The Federal Trade Commission has recently adopted an aggressive approach to regulating mobile health app companies’ data security and retention policies. We can glean much useful information from the FTC’s enforcement actions to inform data security, privacy, and retention policies for health information and other types of data.
The FTC’s Toolbox
The FTC has two significant tools in its arsenal regarding data retention and security. The first is the 2009 Health Breach Notification Rule. This Rule seeks to cover the gaps left by HIPAA, which only regulates health plans, health care providers that conduct transactions electronically, and health care clearinghouses. In its 2024 update of the Rule, the FTC clarified its scope regarding both covered information and entities.
The Rule requires vendors of personal health records (PHRs), related entities, and third-party service providers to notify customers, the FTC, and sometimes the media, when breaches occur.
PHRs are records of an individual’s identifiable health information that can be drawn from multiple sources. The Rule only applies to information that is unsecured, meaning information that is neither encrypted nor destroyed. Companies covered by the Rule include health app producers but also companies that produce related accessories such as fitness trackers. Companies that provide services such as billing or data storage to PHR vendors also qualify.
In addition to the Rule, the FTC is guided by Section 5 of the Federal Trade Commission Act, which prohibits deceptive or unfair practices that affect commerce. As this language suggests, the FTC applies the Act quite broadly with respect to health data.
Lessons from Recent FTC Actions and Guidance
In business guidance published in 2023, the FTC emphasized how extensive the umbrella of health information truly is. The Commission confirmed any data conveying information or that even “enables an inference” about consumers’ health qualifies. For example, a consumer’s mere use of a fertility or mental health app produces health information. In separate guidance, the FTC also highlighted that location data can provide insight beyond a person’s whereabouts like other sensitive information, such as health data. The FTC recommends companies “take a broad view of what constitutes health data and protect it accordingly” to avoid running into trouble. The FTC further explained that security breaches do not refer only to malicious attacks but also to instances where companies share consumer data with other parties who have not been disclosed in their privacy notice.
Privacy policies were another major target for the FTC. In a complaint against the mental health app Cerebral, the FTC alleged that Cerebral used unfair or deceptive practices under Section 5 by sharing customer data with third parties like LinkedIn and TikTok. Cerebral’s privacy policy promised customer data would only be used internally, barring customer consent to do otherwise.

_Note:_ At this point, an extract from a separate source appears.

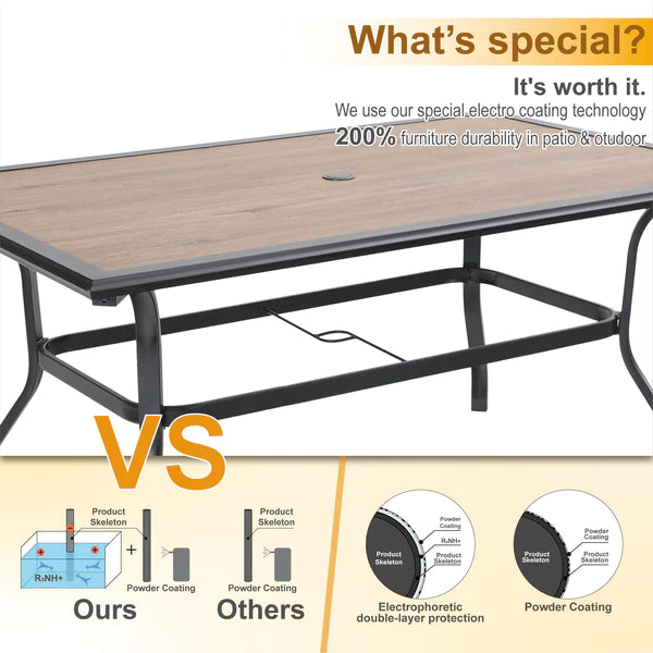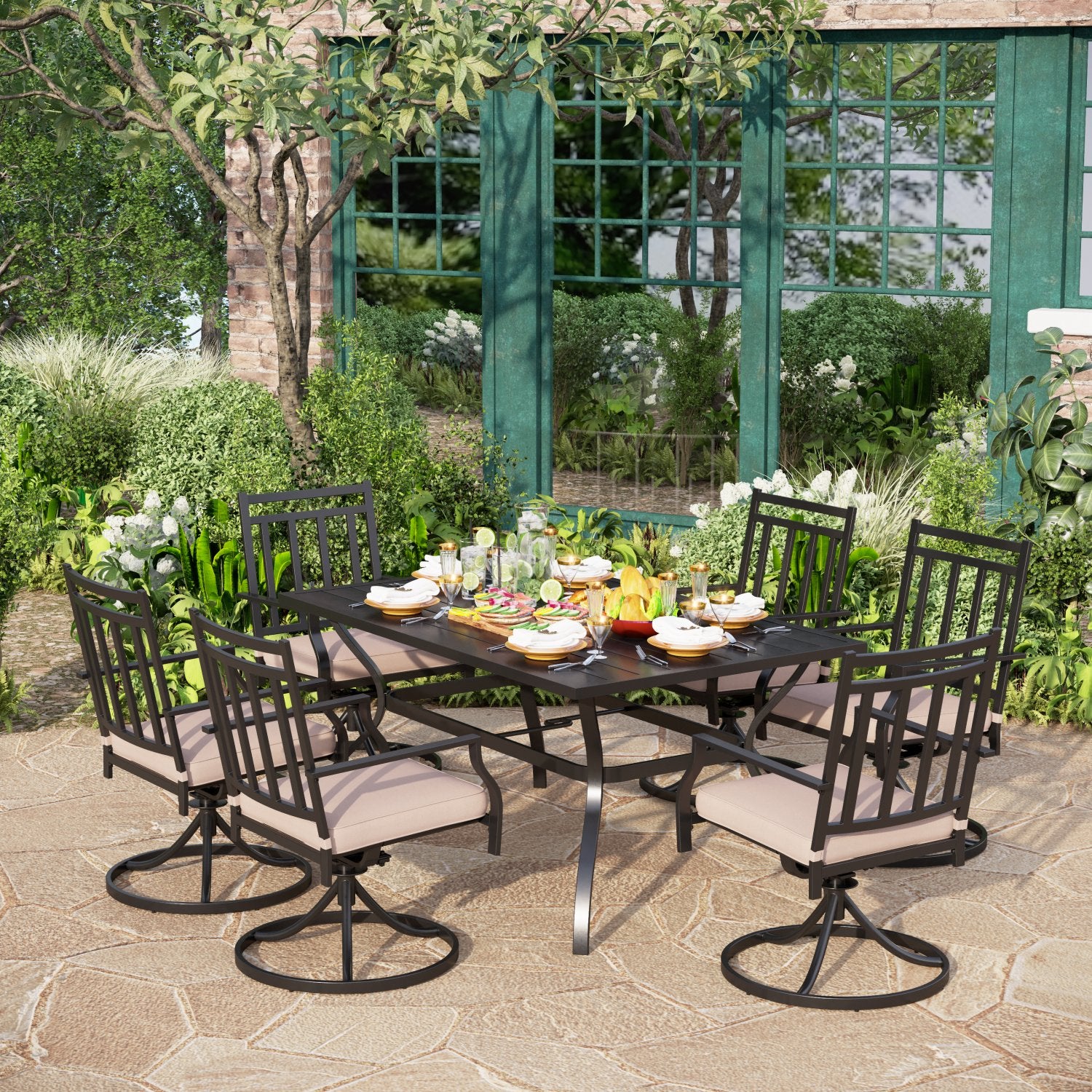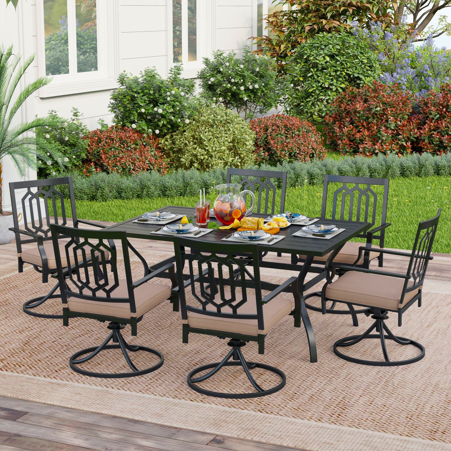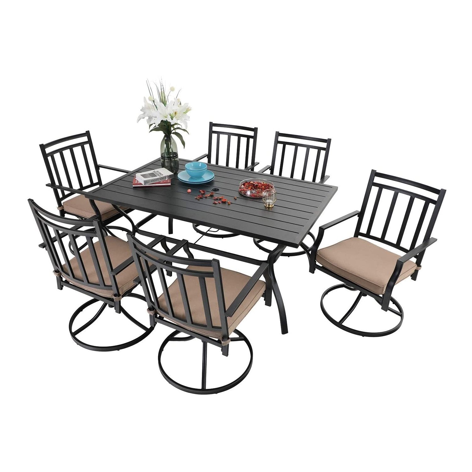 7-Piece Outdoor Patio Dining Set 6 Swivel Chairs and Rectangle Steel Table

In a similar case, the FTC took action against online alcohol addiction treatment service Monument, Inc., alleging that the company disclosed users’ information after promising to keep it completely confidential. The FTC provided several takeaways from these cases. First, privacy and security representations in company policies are in fact product claims that must be substantiated. Secondly, the Rule applies to omissions, meaning that companies must disclose all material facts about their use of consumer data.
Moving Forward
Companies who collect or process data should be aware of the broad definitions of both covered entities and of what constitutes health data under the Health Breach Notification Rule. The Rule’s limitation to unsecured information also reinforces the importance of encrypting data diligently.
These days almost every company has a privacy policy, either by choice or by requirement. The FTC’s recent actions make it even clearer that privacy policies must be carefully crafted and specific about privacy and security procedures. Companies should review their policies to make sure that they don’t overpromise or under-include relevant activities related to collecting, processing, and sharing personal health records.
Disclaimer: The purpose of this post is to provide general education on information governance topics. The statements are informational only and do not constitute legal advice. If you have specific questions regarding the application of the law to your business activities, you should seek the advice of your legal counsel.